It should be noted that an embodiment may define permutations for single data items. It is possible for one set of permutations to be defined for a first data item which includes more permutations than a second set of defined permutations for a second data item. In such cases, an embodiment may decide to obtain a new initial set of input data for subsequent input data generation when any one of the data items has reached an end state. The foregoing describes a second type of end state associated with input data in which all defined permutations have been tested. It should be noted that other embodiments may perform other processing than as described herein in connection with such cases. If step 508 evaluates to no, control proceeds to step 512 where the first permutation for the current data item is determined. Control then proceeds to step 514.

At step 514, the current data item is assigned to be the next data item in the input data received at step 502. Control proceeds to step 516 where determination is made as to whether all of the data items included in the input data set received have been processed. If so, control proceeds to step 520 to use the current permutations of the received input data in forming the next set of input data sent to the web application. From step 520, control proceeds to step 502. If step 516 of evaluates to no, control proceeds to step 518 to determine the next permutation for the current data item. Control then proceeds to step 514 to continue to produce permutations for remaining data items in the received input data set.

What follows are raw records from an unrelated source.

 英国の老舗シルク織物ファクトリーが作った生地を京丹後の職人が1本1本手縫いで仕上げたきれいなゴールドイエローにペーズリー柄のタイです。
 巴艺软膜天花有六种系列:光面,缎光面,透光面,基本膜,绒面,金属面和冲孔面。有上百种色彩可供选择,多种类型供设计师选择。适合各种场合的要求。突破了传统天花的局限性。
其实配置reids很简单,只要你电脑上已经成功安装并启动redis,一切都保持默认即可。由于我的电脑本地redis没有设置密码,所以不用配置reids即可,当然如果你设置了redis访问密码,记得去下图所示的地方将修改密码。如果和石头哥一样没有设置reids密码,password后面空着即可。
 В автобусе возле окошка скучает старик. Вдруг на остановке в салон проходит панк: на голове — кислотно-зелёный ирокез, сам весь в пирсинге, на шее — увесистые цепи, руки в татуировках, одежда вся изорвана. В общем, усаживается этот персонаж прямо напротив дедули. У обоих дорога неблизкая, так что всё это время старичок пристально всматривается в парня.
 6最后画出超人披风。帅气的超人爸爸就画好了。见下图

It should be noted that the generator may form permutations of one or more data items included in the input data set. In other words, the generator may, in accordance with one or more aspects of the input data set, apply permutation rules to only a portion of the input data items therein. For example, if only a portion of the input data items are included in the trace output, the generator may only modify those input data items. The generator may also only modify a portion of the input data items in the input data set in accordance with the context of the input data items. For example, the generator may form permutations for data items associated with certain SQL statements, parameters, and the like, known for SQL injection vulnerabilities. The permutations may, for example, manipulate previous or original data items in accordance with a set of predefined rules.

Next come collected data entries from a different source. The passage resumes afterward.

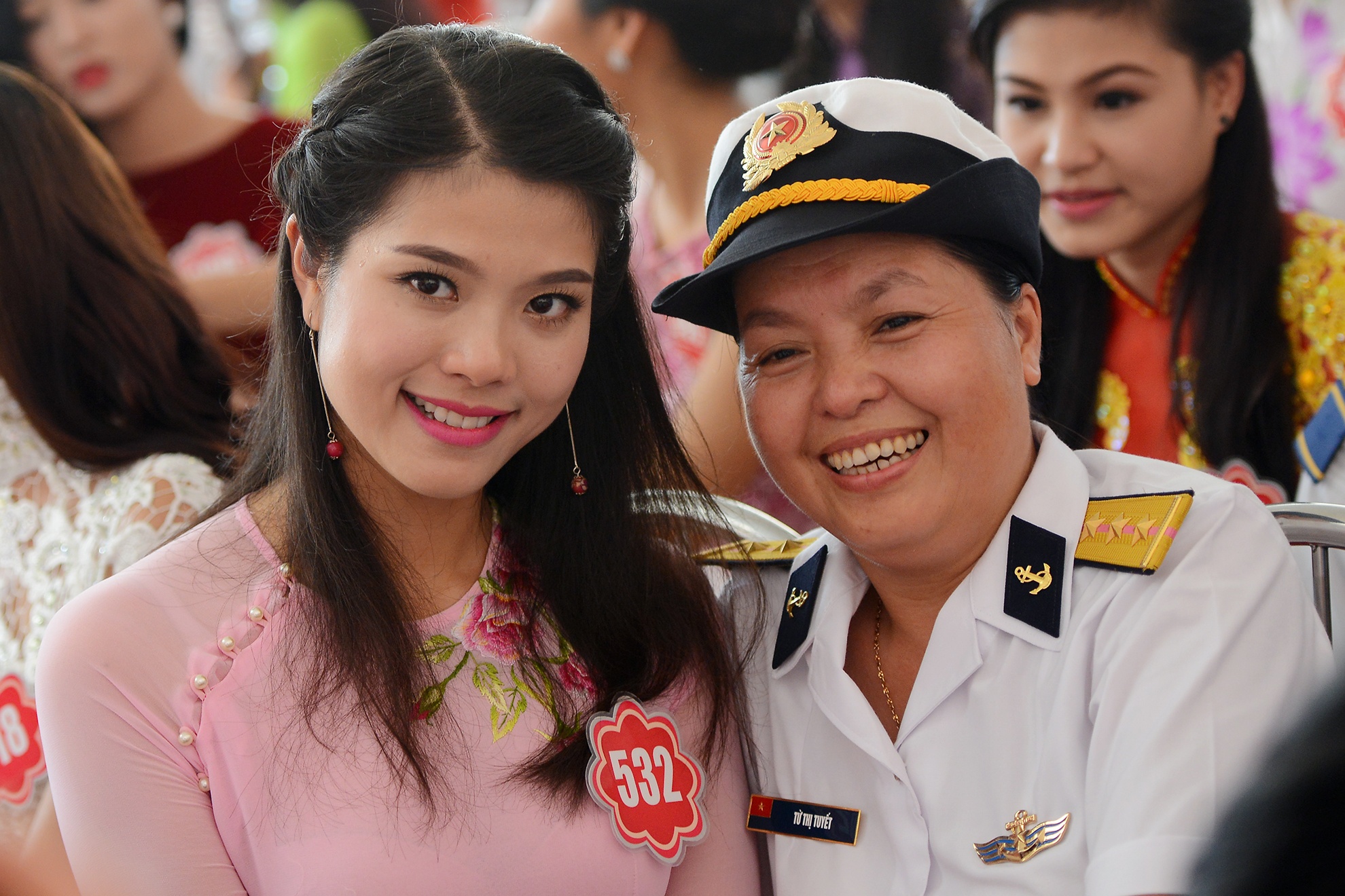 | Hầu hết các chiến sĩ đều không muốn bỏ lỡ cơ hội được chụp ảnh kỷ niệm cùng các thí sinh Hoa hậu. |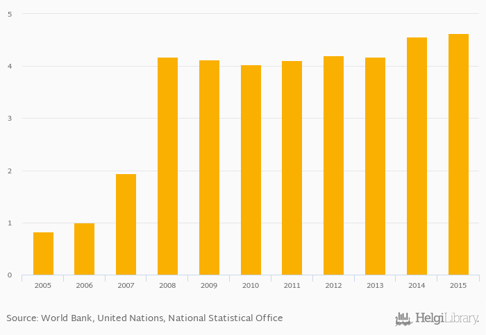 Passenger cars per 1,000 people rose 1.32% to 4.63 vehicles in Tanzania in 2015, according to the National Statistical Office.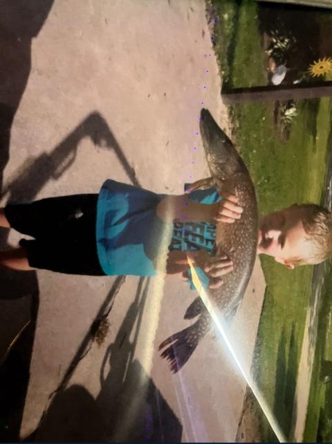 Younger me with a pike i caught@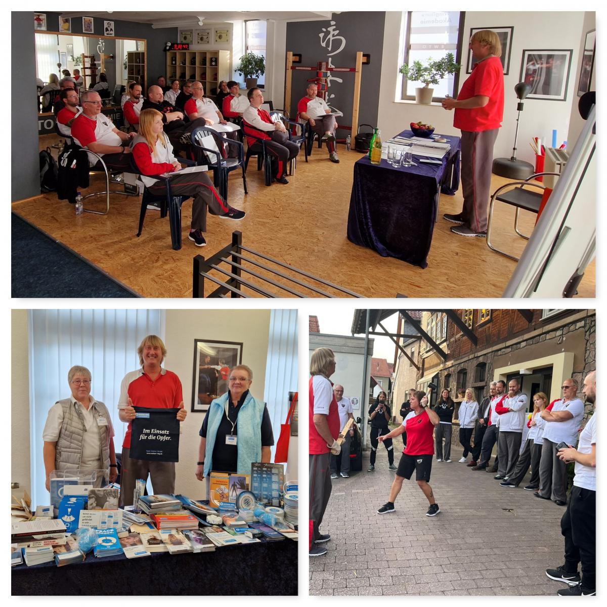Meister Peter Thietje gab in der EWTO-Akademie in Fritzlar mit seiner einzigartigen emotionalen und ausdrucksstarken Art, sein Wissen im Umgang mit Menschen, die Opfer einer Gewalttat geworden sind weiter. Dabei handelt es sich um Opfer von Straftaten, wie zum Beispiel Raub, Mobbing, Körperverletzung, Stalking, Sexueller Missbrauch usw.. Diese leiden oft ein Leben lang unter dem erlittenen Trauma, und finden ohne professionelle Hilfe nur schwer aus der Angstspirale, die ihr Leben beinträchtigt.

It should be noted that the input data generated may be used in connection with performing testing at different levels with respect to the components of FIG. 3. The generated data, for example, maybe input to the client application 118. In order to perform sufficient testing, the generated data may also be used in connection with other configurations. For example, the input data may be supplied by the generator directly to the web application rather than through the client application. It may be desirable to test supplying input data through a variety of different configurations because an attacker may similarly supply input data in any one of the different configurations. The particular configurations and levels at which input data is supplied in connection with testing may vary in accordance with each embodiment.

To further illustrate the techniques described herein, an example will now be described in connection with several figures.

Referring now to FIG. 9, shown is an example of a screenshot 600 as may be displayed in connection with a login page. The example will illustrate use of the foregoing login page in connection with constructing an SQL query to determine if the user and associated password are valid. FIG. 9 shows the login page viewed. In this example, input data may be entered manually on the login page, or supplied by the generator for automated testing. Recall that, as described herein, an embodiment may also utilize the detector without the generator in a mode in which the detector is executed and input data is manually entered. When the generator is used, the data source comes from the generator rather than via manual entry.

Referring now to FIG. 10, shown is an example of a screenshot 700 as may be displayed when a user tries to logon with a username and password. In this example, the user supplied input data is username of “test” and password of “idontknow”. The example 700 shows the generated SQL query based on the supplied user input data. Of course, the users would not see the SQL query, but the information included in 702 is what is further transformed into one or more SQL statements, procedure calls, and the like (as will be described in following paragraphs), and illustrates what parameters include the user input data. The example 700 may illustrate how input data may be obtained using a web form, for example, used with a software Web browser. As described above for adequate testing, data may also be input directly to the web application. The browser may, for example, perform some filtering of the input data. It may be desirable to also test the input data being input directly to the web application.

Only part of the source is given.